"You will need to amputate a patient’s leg about five times more often than his arm."
I wonder if there's a quota they have to meet. "Sorry Mr Jones, can't take your leg off today, I've reached my quota. We are running a two-for-one special on arms today though."
this is terrifying, and i demand to know its origin.
DISARTICULATION IS SPECIALLY DESIRABLE IN CHILDREN
Yes, this.
"DISARTICULATION IS SPECIALLY DESIRABLE IN CHILDREN." That's my new mantra.
New line of amputee related spam
"SAVE ALL POSSIBLE LENGTH WITH THIS WEIRD OLD TIP"
"Mum discovers trick to saving up to 18cm using these household ingredients"

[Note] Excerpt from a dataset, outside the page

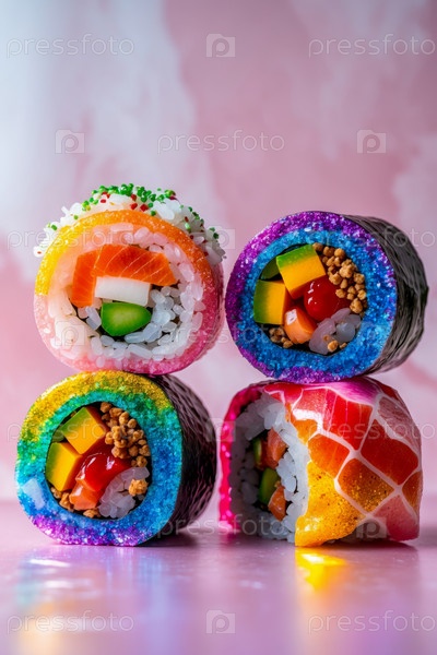AI Generative Abstract необычное творческое искусство суши роллы фрукты декоративная радуга блеск фантастическая еда

"Nobody likes hearing their bones being sawn through, so if a patient is conscious premeditate him heavily."
Good advice.
"You will need to amputate a patient’s leg about five times more often than his arm."
I wonder if there's a quota they have to meet. "Sorry Mr Jones, can't take your leg off today, I've reached my quota. We are running a two-for-one special on arms today though."
That's an impressive page of information.
I guess if I'm ever forced to do an amateur amputation I'll remember not to amputate there, and to save every centimetre of the arm.
This is reminiscent of Lisa Bufano.
"Save every centimetre" - this advice courtesy of a passing giant pointy sperm.